- **WORK INSTRUCTION**:
From the entries below, write out exactly the lines between the line holding "キャップやハットの上から被るだけで、嫌な虫から顔や首を守ります。" and the line holding "特殊な機械で織り上げた、オリ", inclusive, excluding any pictures.

- **INPUT MATERIAL**:
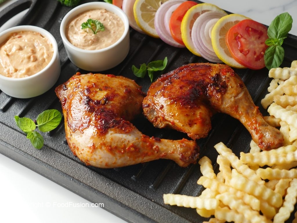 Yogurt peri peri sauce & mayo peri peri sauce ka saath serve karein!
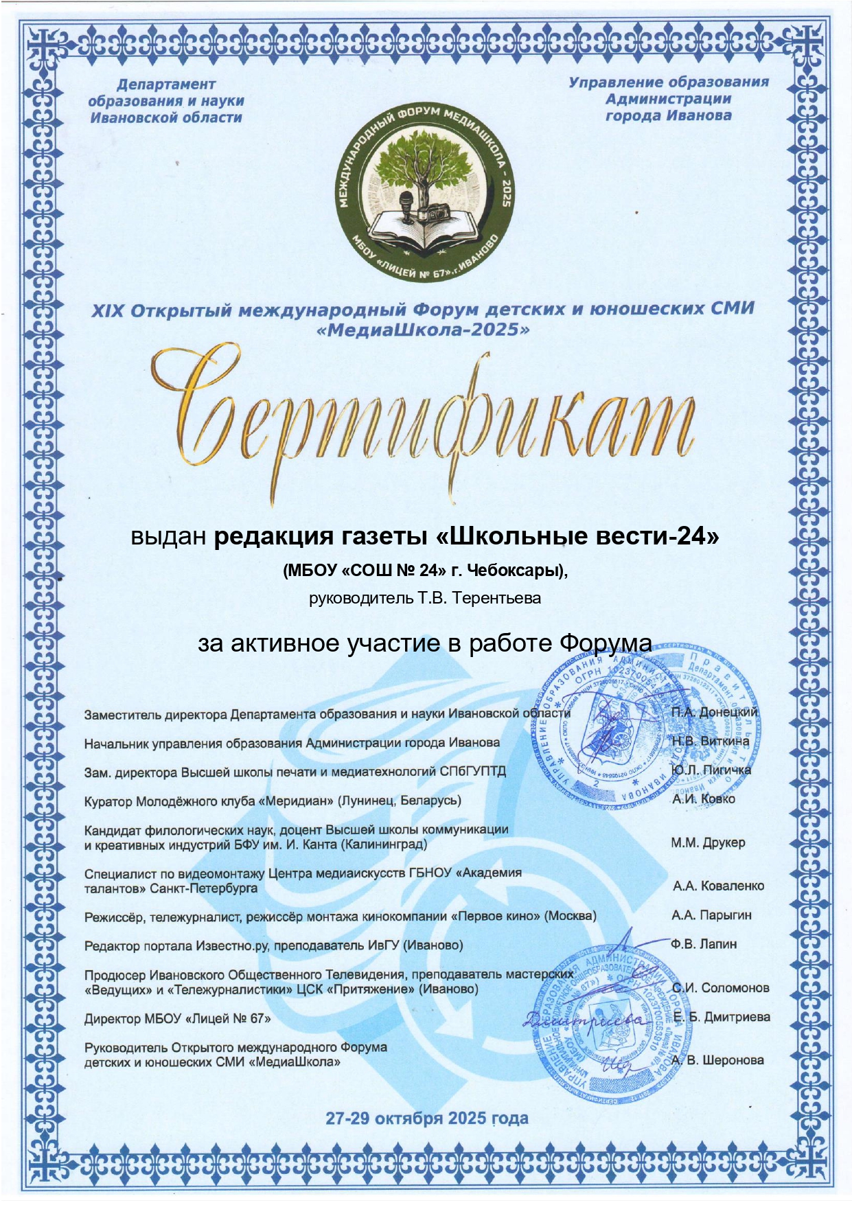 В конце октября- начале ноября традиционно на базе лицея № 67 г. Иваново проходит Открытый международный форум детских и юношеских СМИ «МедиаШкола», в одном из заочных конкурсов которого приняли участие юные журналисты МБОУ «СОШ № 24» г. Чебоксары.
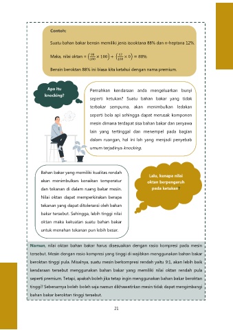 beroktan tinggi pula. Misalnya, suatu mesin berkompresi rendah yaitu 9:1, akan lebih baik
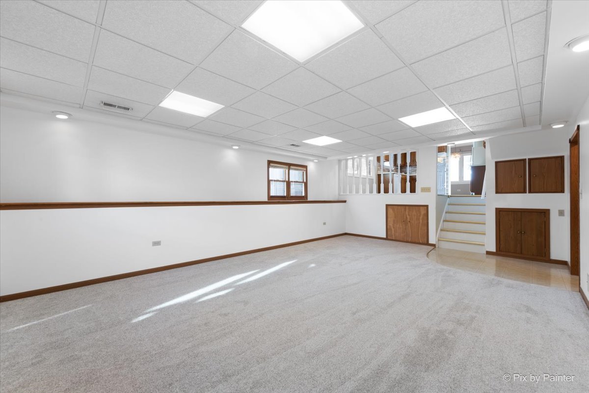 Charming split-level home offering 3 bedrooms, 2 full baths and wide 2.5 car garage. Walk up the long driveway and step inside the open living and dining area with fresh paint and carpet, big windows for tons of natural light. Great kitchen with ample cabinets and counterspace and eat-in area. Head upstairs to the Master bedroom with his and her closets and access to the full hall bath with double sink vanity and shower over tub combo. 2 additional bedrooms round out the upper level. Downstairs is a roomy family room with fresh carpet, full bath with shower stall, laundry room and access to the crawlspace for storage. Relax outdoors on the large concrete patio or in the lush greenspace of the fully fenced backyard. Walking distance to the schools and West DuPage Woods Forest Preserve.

---

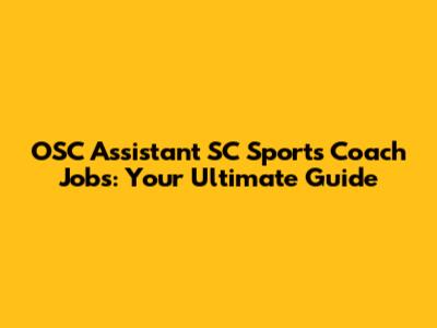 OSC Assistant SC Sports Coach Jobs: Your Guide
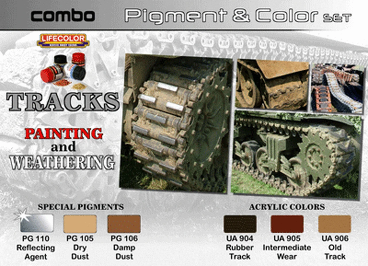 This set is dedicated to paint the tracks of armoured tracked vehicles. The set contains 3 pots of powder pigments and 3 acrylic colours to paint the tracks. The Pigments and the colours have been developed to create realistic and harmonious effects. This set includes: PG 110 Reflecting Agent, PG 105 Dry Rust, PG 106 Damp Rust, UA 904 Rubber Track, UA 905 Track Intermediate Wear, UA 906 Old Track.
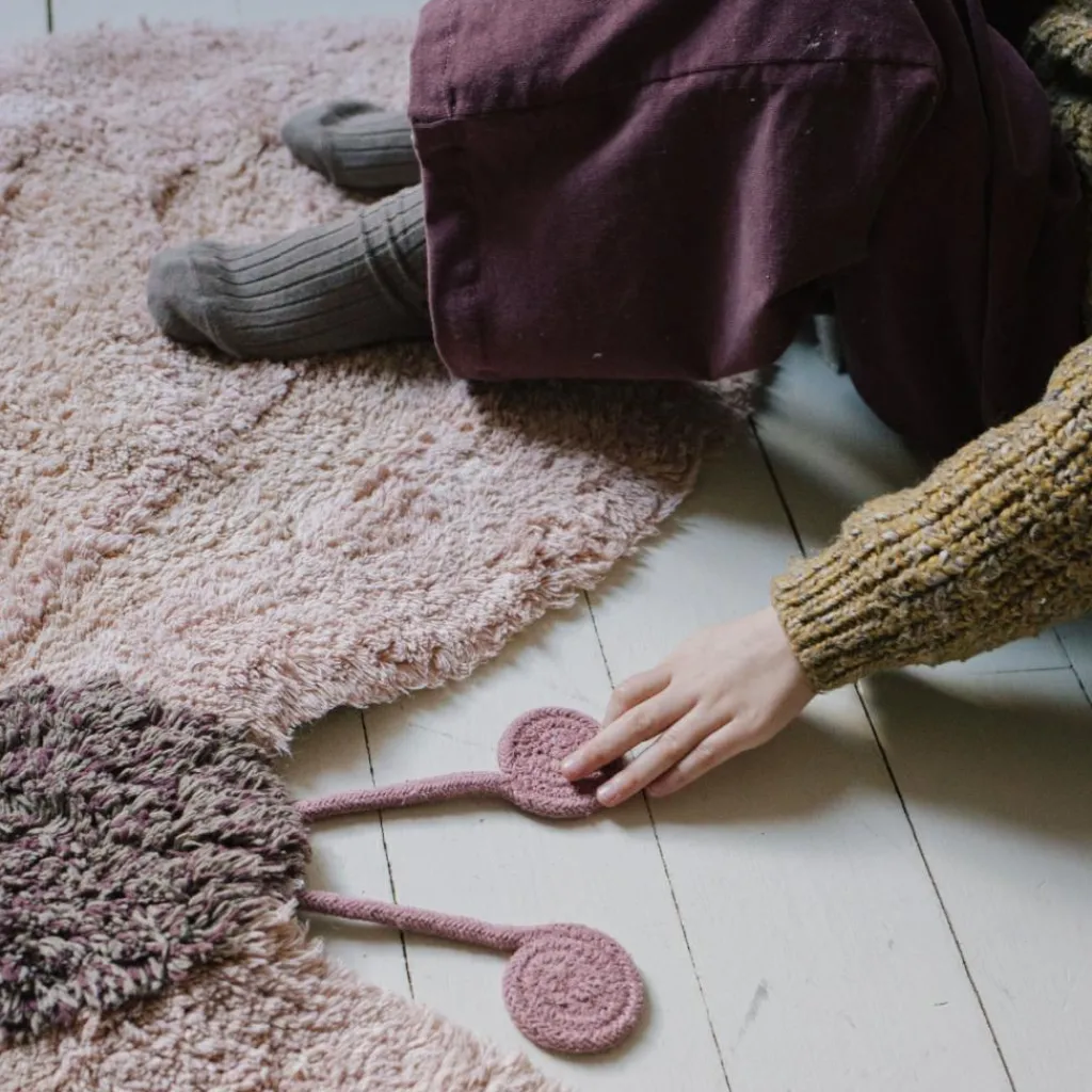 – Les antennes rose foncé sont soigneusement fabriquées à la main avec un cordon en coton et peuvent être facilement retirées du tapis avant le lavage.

==

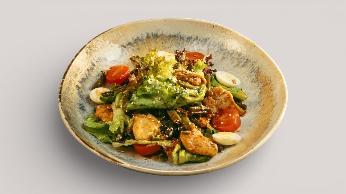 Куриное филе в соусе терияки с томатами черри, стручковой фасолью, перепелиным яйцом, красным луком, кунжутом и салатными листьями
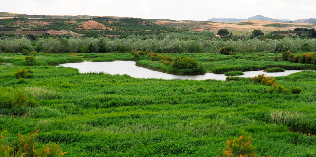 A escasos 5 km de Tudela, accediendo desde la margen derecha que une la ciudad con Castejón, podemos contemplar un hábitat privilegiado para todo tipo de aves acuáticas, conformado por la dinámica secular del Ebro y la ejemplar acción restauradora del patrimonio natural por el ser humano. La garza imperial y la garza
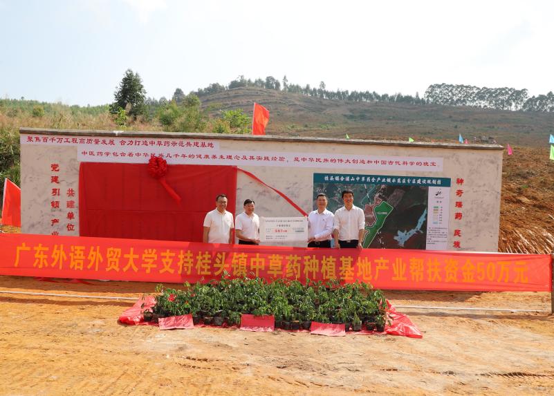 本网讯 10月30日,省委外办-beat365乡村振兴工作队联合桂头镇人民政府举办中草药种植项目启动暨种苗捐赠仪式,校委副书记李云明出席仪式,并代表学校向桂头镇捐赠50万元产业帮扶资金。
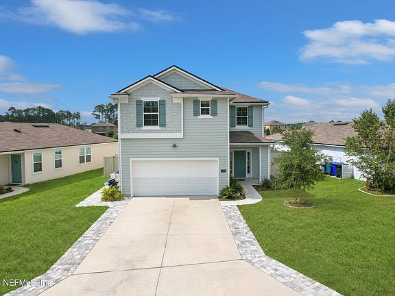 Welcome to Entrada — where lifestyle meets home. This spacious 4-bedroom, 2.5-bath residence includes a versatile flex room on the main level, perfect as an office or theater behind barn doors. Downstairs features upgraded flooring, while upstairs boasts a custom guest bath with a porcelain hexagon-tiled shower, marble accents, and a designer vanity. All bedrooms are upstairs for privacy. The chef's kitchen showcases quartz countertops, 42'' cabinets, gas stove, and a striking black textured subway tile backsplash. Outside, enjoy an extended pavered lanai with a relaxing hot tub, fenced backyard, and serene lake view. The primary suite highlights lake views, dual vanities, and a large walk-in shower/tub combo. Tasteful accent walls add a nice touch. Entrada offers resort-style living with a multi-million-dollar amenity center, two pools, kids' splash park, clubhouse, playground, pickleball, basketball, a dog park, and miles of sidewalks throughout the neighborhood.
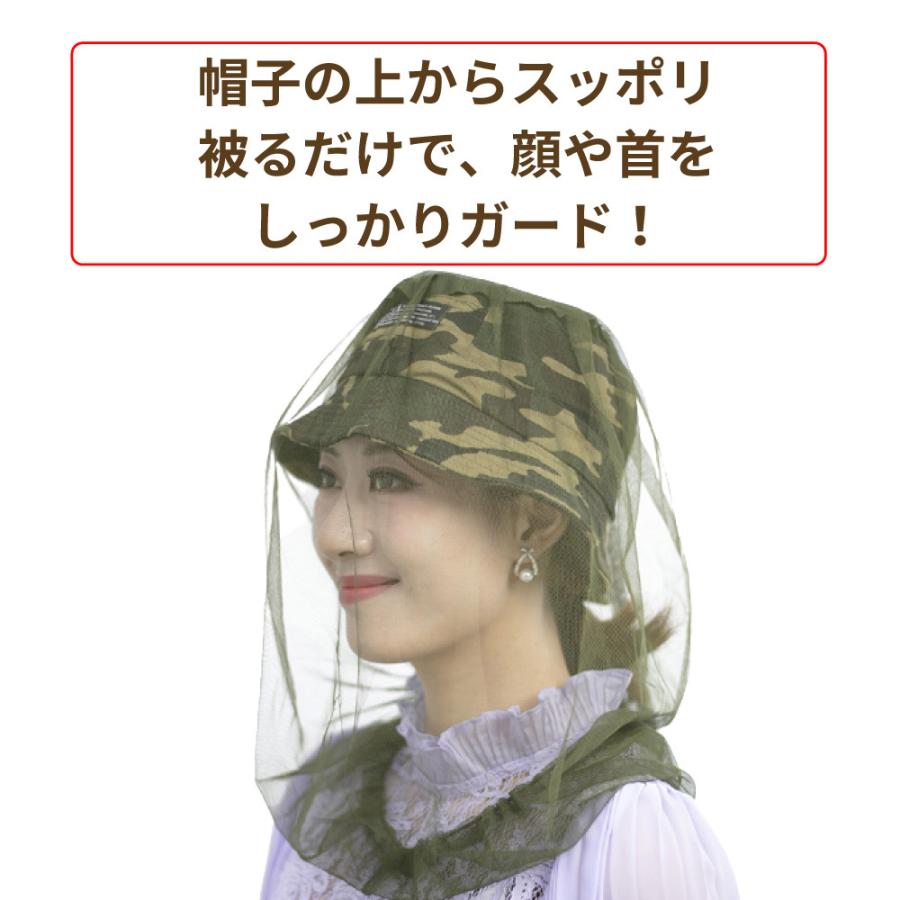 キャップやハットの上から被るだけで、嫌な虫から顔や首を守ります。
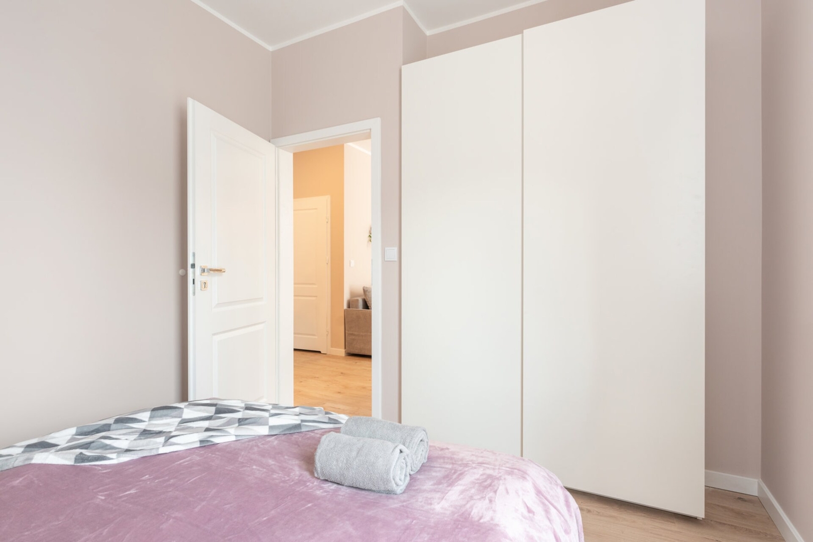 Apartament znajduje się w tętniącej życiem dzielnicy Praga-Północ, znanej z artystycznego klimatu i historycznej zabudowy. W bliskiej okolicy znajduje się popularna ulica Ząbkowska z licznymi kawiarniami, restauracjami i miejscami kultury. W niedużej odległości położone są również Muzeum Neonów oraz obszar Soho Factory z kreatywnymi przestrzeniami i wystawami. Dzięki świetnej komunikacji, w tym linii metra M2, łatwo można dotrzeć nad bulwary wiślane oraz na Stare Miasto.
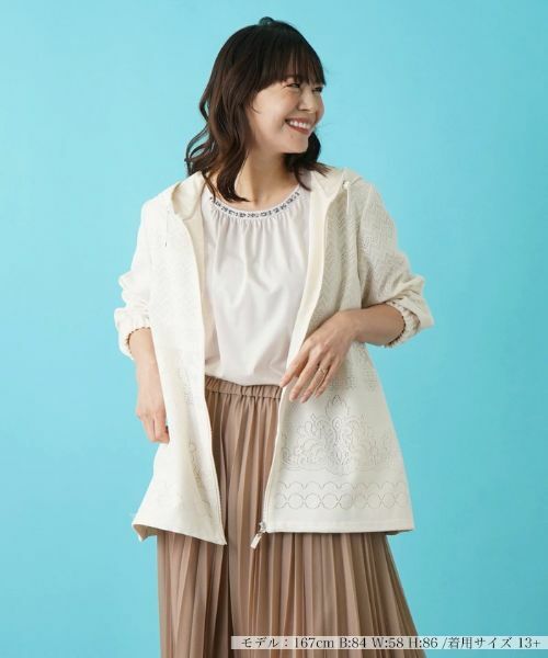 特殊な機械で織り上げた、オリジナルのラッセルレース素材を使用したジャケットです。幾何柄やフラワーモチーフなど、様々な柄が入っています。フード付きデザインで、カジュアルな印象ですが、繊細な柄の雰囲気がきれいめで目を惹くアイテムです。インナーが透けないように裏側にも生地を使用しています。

- **REPLY TO THE EXERCISE**:
 キャップやハットの上から被るだけで、嫌な虫から顔や首を守ります。
 Apartament znajduje się w tętniącej życiem dzielnicy Praga-Północ, znanej z artystycznego klimatu i historycznej zabudowy. W bliskiej okolicy znajduje się popularna ulica Ząbkowska z licznymi kawiarniami, restauracjami i miejscami kultury. W niedużej odległości położone są również Muzeum Neonów oraz obszar Soho Factory z kreatywnymi przestrzeniami i wystawami. Dzięki świetnej komunikacji, w tym linii metra M2, łatwo można dotrzeć nad bulwary wiślane oraz na Stare Miasto.
 特殊な機械で織り上げた、オリジナルのラッセルレース素材を使用したジャケットです。幾何柄やフラワーモチーフなど、様々な柄が入っています。フード付きデザインで、カジュアルな印象ですが、繊細な柄の雰囲気がきれいめで目を惹くアイテムです。インナーが透けないように裏側にも生地を使用しています。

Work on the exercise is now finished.